Physical characteristics
- • location: Mondongo swamps, Marajó
- • location: Atlantic Ocean
- • coordinates: 0°14′S 48°55′W﻿ / ﻿0.233°S 48.917°W

= Tartarugas River =

The Tartarugas River (Rio Tartarugas) is a river of Marajó, which itself is an island in the Amazon Delta. It is located in the state Pará in northern Brazil, and forms the border between the municipalities Chaves and Soure.

The source of Tartartugas River is in the swamp areas called mondongos that are normally flooded during the wet season. When the area around the source is flooded, it is sometimes called Lake Tartarugas (Lago Tartarugas). It has a connection to Lake Arari through the Jenipapucu River. It is fed by a stream called Igarapé Jararaca.

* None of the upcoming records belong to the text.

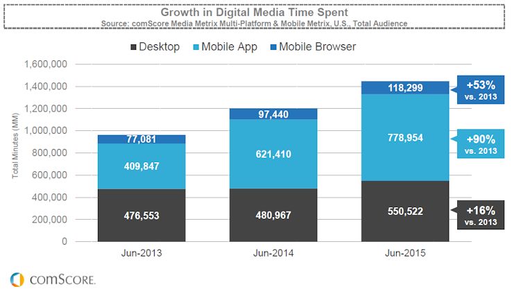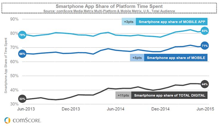 Per this chart, usage in all 3 segments is growing (including desktop), but the growth of time in apps is happening at a far greater rate than any other segment. In addition, time spent on apps exceeds that of time on desktop and the mobile web together. Note that not all app time is on smartphones, as usage in tablets have high app usage as well, but smartphone app usage by itself represents 44% of all digital media time spent: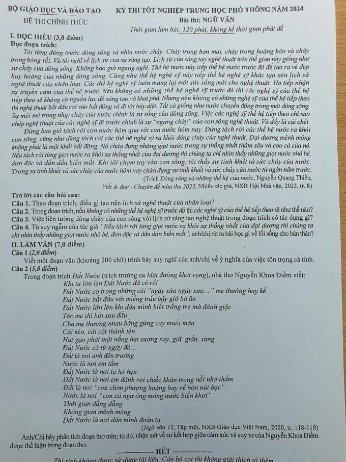 Dưới đây là đề thi môn Ngữ văn tốt nghiệp THPT năm 2024 chính thức của Bộ GD-ĐT: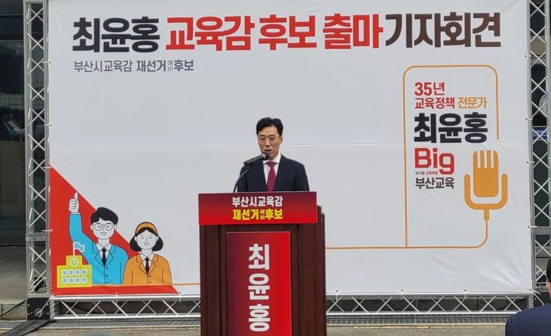 최윤홍 예비후보의 부산시교육감 재선거 출마 기자회견 모습. 연합뉴스 제공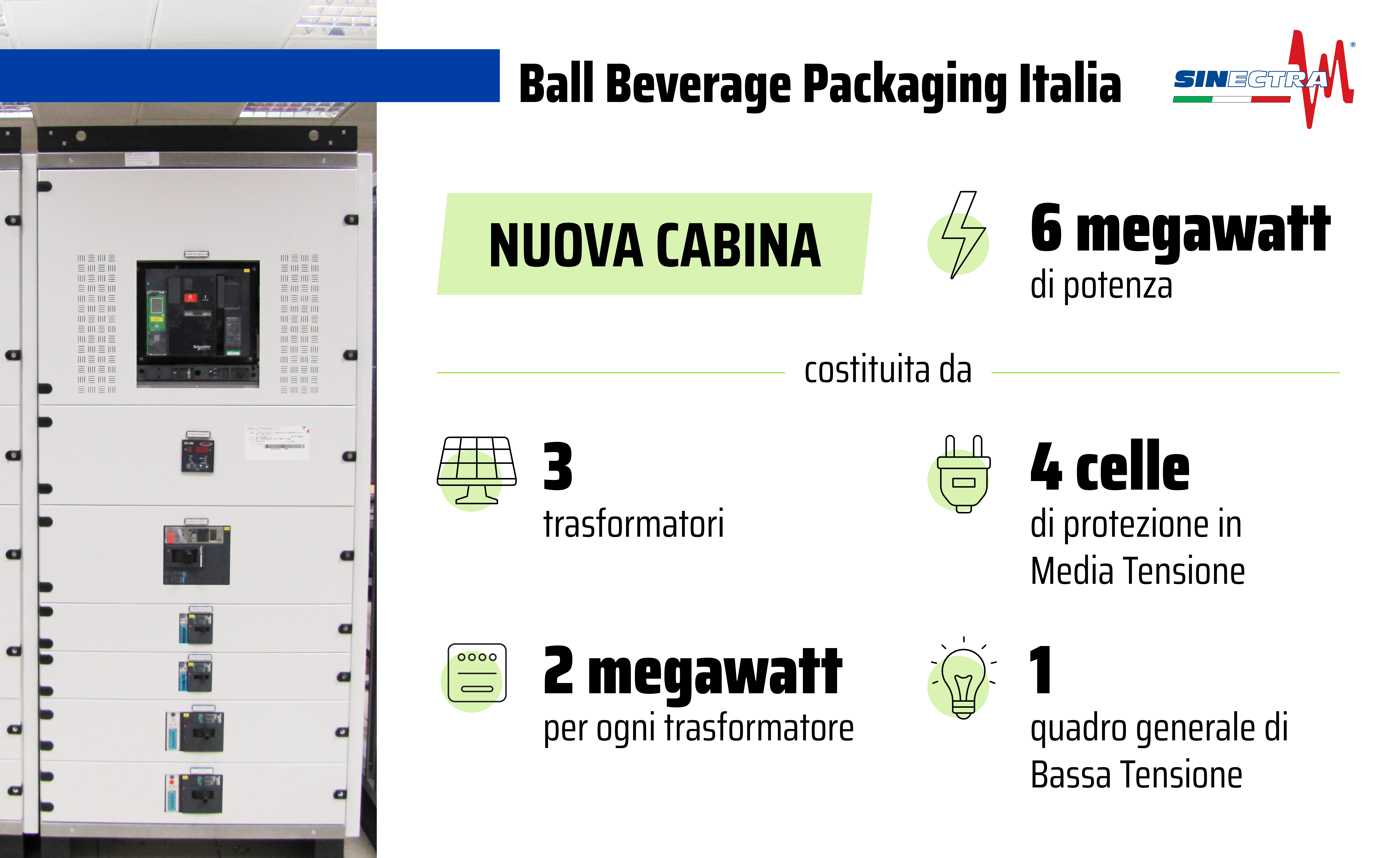 Una squadra condivisa di tecnici di Sinectra e di esperti dell’Area elettrica di Ball, tra Natale e Capodanno, è stata in grado di sostituire, il “cuore” della fabbrica. In cinque giorni, è stata realizzata la nuova cabina, che ha una potenza di 6 megawatt, è costituita da 3 trasformatori da 2 megawatt ciascuno, 4 celle di protezione in media tensione, un Quadro Generale di Bassa Tensione con interruttori intelligenti di nuova generazione dotati di processore di comunicazione per diagnostica consumi e collegamento da remoto che permette di funzionare a tutti gli impianti del grande stabilimento della multinazionale che produce lattine.

Part of the river was canalised in the first half of the 20th Century, named the Tartarugas Canal (Canal Tartarugas). This was done to connect Lake Arari to the Atlantic Ocean, and also to facilitate drainage of the area in times of flooding. Because of this, the river can be navigated well.

Along the river there are several elevations called tesos. They contain indigenous cemeteries with human remains buried in ceramic pots according to Marajoara culture. Depending on the water level, the tesos can present themselves as islands in the river, which is how naturalist Alexandre Rodrigues Ferreira described them in the 18th Century.